Conclusions of Australian Gun Law Report disputed

Below is a press release from CLASS -- the Coalition of Law Abiding Sporting Shooters (Australia) -- dated December 14, 2006. It refers to a research report that was also criticized on this blog on 15th.

The results of a recently released report into Gun Law Reform in Australia since 1996, prepared by Philip Alpers and Simon Chapman and published in Journal of Injury Prevention, have been vigorously disputed by a pro-gun activist group, whose membership includes Doctors, academics and researchers. President of CLASS Action, Peter Whelan summarised the complaints:

"When Prime Minister John Howard forced through his Gun Control Laws, he admitted, "I can't guarantee that these laws will prevent another mass murder." For the Prime Minister and others, to now claim otherwise in retrospect is the height of audacity and arrogance", commented Whelan.

Since 1996, there have been several mass murders, such as the Childers backpackers' fire, the Snow Town murders and several cases where parents killed their children and themselves, by car exhaust." "The fact that those mass murders were not carried out with a firearm, makes them no less a tragedy, but this report ignores such events", explained Whelan. "To credit the 1996 Gun Laws with a drop in death by firearm is to blatantly ignore all the other influencing factors, which have occurred in Australia, during the past ten years!"

Whelan referred to a report issued by the Australian Institute of Criminology, (Facts and Figures 2005) which highlighted that Serious Assaults have been increasing at 6% per year, since 1995, which was FIVE TIMES the population increase!
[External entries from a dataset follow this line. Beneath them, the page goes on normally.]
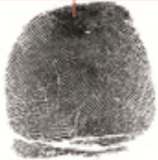
6. Left Thumb
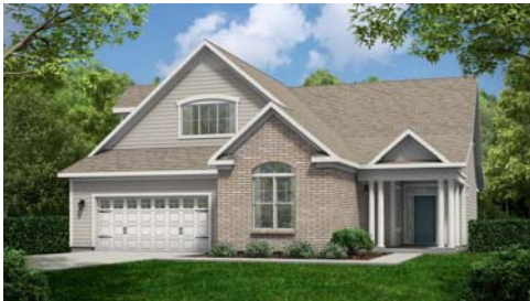
Standard Elevation A

The Amelia Bay offers that beautiful coastal home with a great open floor plan. A spacious kitchen with wrap-around counter and entertaining island opens up to a vaulted great room and vaulted dining room. Expansive doors lead out to a large screened loggia with adjacent patio to enjoy the coastal weather. A private master suite features his and hers walk-in closets, his and hers vanities, and a large spa-like walk-in shower. Two guest bedrooms and a second floor optional flex room with bath allows for plenty of space and storage.
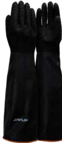
Industrial Rough Palm Rubber Gloves Shoulder Length (2055) ORANGE LINER • CRINKLE FINISH ON HAND • SMOOTH FINISH ON CUFF
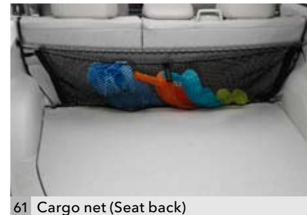
61 Cargo net (Seat back) F551SSC001

Separates luggage space from passenger area, applicable for ISOFIX child seat. *F555ESC000: for vehicle with sunroof. F555ESC010: for vehicle without sunroof.
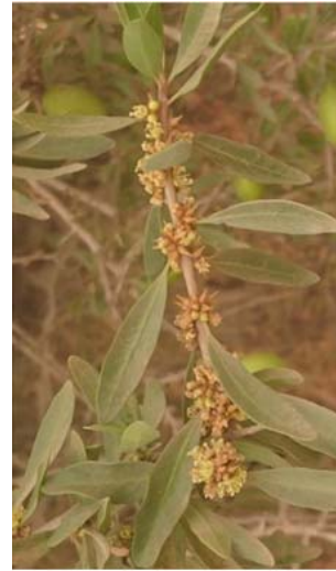
3 on leaves axils and on the braches
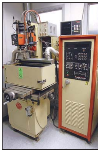
ELTEE TRM31-A PRECISION SINKER EDM
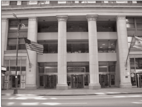
111 West Washington Street, Chicago, Il. 1978-1982
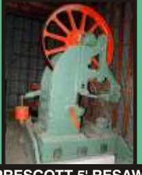
PRESCOTT 5' RESAW
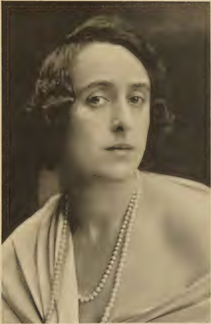
Orlando on her return to England

A.I.C report no. 46, Homicide Monitoring, stressed that advances in emergency medical care had helped serious assault victims who would otherwise have died. Whelan explained that, "To claim that the gun laws saved those lives, is an insult to those in the Medical Profession, who work so hard to efficiently save the lives of victims of crime." "Furthermore, the OECD report 2005, found that Australia ranked number one among developed countries, in crime victimisation.
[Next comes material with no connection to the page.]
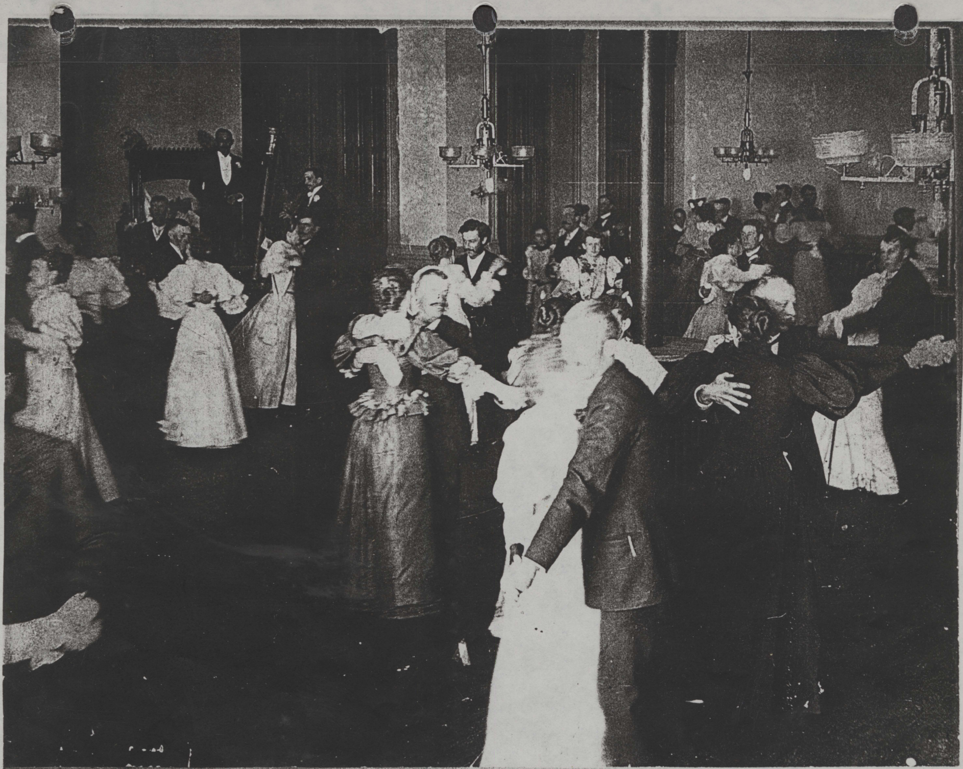
Dance at the La Veta Hotel

Australia now has an estimated 200,000 private security guards, most armed with handguns, on patrol at our railway stations, clubs and shopping centres. The report makes no reference to the effectiveness of those armed guards, on having reduced the likelihood of mass murders."
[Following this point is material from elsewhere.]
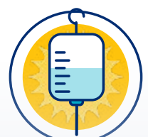
chemotherapy toxicity risk

By the end of the session, you will understand which tools are most appropriate for use in clinical trials and how geriatric assessment can help ensure that studies are more inclusive of older adults.

Other conclusions referred to in the report are also in error, claimed Whelan. "To say that taking a semi-automatic (multiple shot) firearm from someone intent on suicide, will somehow stop that person committing suicide, is bordering on stupidity! Firstly, suicide with a firearm involves a single shot! Secondly, a depressed, suicidal person will find another method, be it rope or car exhaust, if a firearm isn't available.

The many reports of suicides, following the 1996/97 buy back, as gun owners witnessed their family heirlooms, or favourite shotgun crushed, are confirmed in the figures contained in the Alpers and Chapman report. Whelan explained, "Non-firearm suicide rates increased dramatically, in the years 1997 and 1998. The rate per 100,000 pop. had been around 10.00, but in those two years it increased to 12.91 and 13.09! We would expect that those who supported the gun crushing program would spare a thought for the families of those who died so needlessly after having been accused of being criminals." "If the $One Billion wasted on gun crushing had been spent on improvements in Mental Health and Suicide Prevention programs, the Australian Community would have been a lot better off", claimed Whelan.

CLASS Action, along with other shooting groups, also disagree with the reference contained in the report to "removal of 700,000 guns", which were destroyed during the buy back. "Most gun owners who had to hand in an old banned, semi-automatic rabbit rifle, or fox gun, received over-valued amounts in payment. They simply used that money to buy a new gun and in many cases bought two or three new guns, so they could continue to enjoy their sport." explained Whelan.